# Christmas songs?



## existenz (Nov 16, 2008)

Hi there!

I'm currently searching for some classical christmas opuses that could be performed in a church. The performer is a soprano (songs don't need to be made for a soprano though). 

I would be very grateful if you could recommed me some classical christmas pieces. Thanks!


----------



## Krummhorn (Feb 18, 2007)

Hi ... and welcome to the forum 

The first one that comes to mind (because it is a favorite) is
Cantique de Noel (O Holy Night) written by Adolphe Adam.

There are some lovely solos within Handel's Messiah:
He shall feed his flock (nice when sung by a contralto)

From JS Bach's Cantata #142 (To Us A Child Is Given)
"Now again upon thy birthday" ... wonderful with tenor or baritone. 

There are others that would be well suited for church presentations. Others are sure to chime in here. 
For


----------



## marval (Oct 29, 2007)

Hello and welcome,

I agree with some of the solos from Handel's Messiah

Also Gustav Holst wrote "In the Bleak Midwinter"

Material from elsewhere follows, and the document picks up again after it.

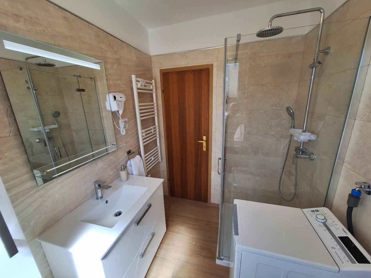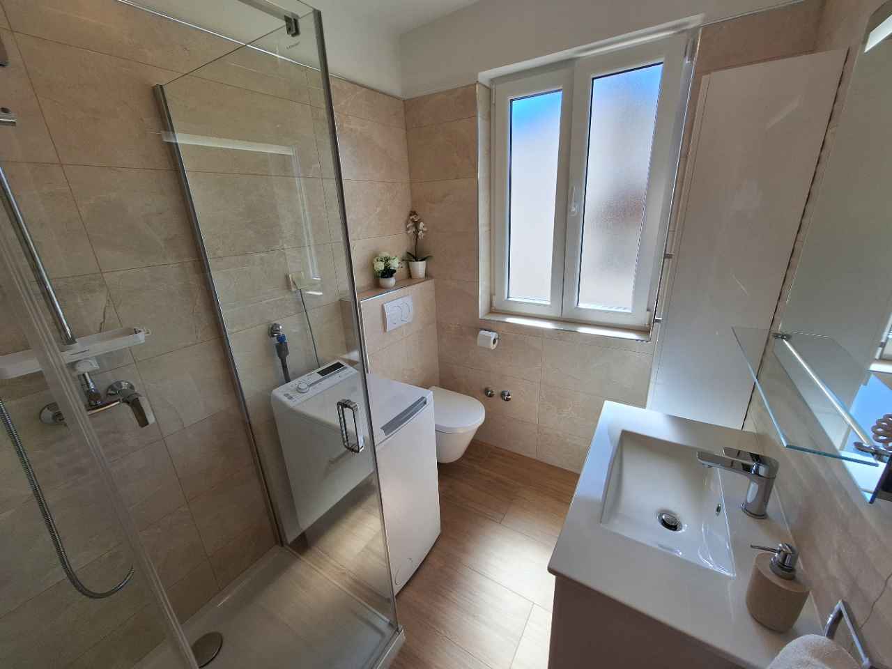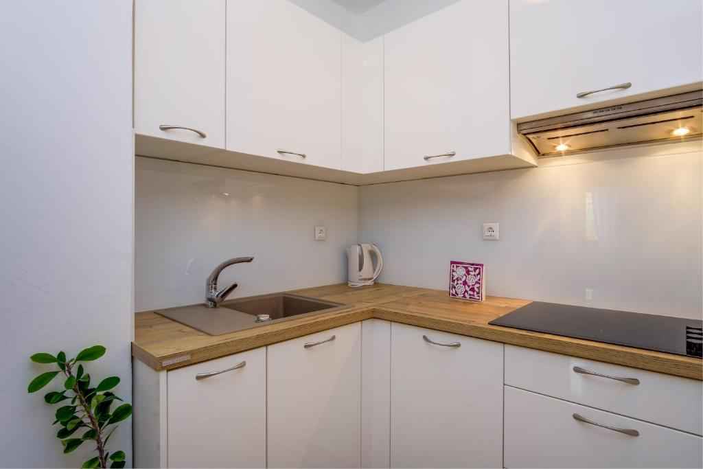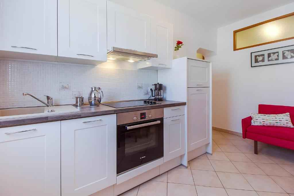 Byt se nachází v blízkosti pláže, jen pár minut chůze. Nabízí parkování před domem a pohodlný pobyt v blízkosti veškeré občanské vybavenosti. Apartmán má jednu ložnici s manželskou postelí, kuchyň s jídelním koutem, koupelnu a balkon. Kuchyň je plně vybavená. Hosté mají možnost využívat společný gril.

And there is always "Ave Maria"

I am sure there will be other suggestions.


Margaret


----------



## existenz (Nov 16, 2008)

Thanks for the great suggestions! Ave maria was propably the only piece that was already in the list. Gustav Holst's "In the Bleak Midwinter" fits like a glove to our intentions and more suggestions are appreciated.


----------



## Weston (Jul 11, 2008)

While not classical, Scottish folk singer Sheena Wellington's version of the traditional song _Christ Child's Lullaby _almost makes even this Scrooge have stirrings of Chrsitmas spirit.

http://www.nigelgatherer.com/tunes/tab/tab1/ccl1.html


----------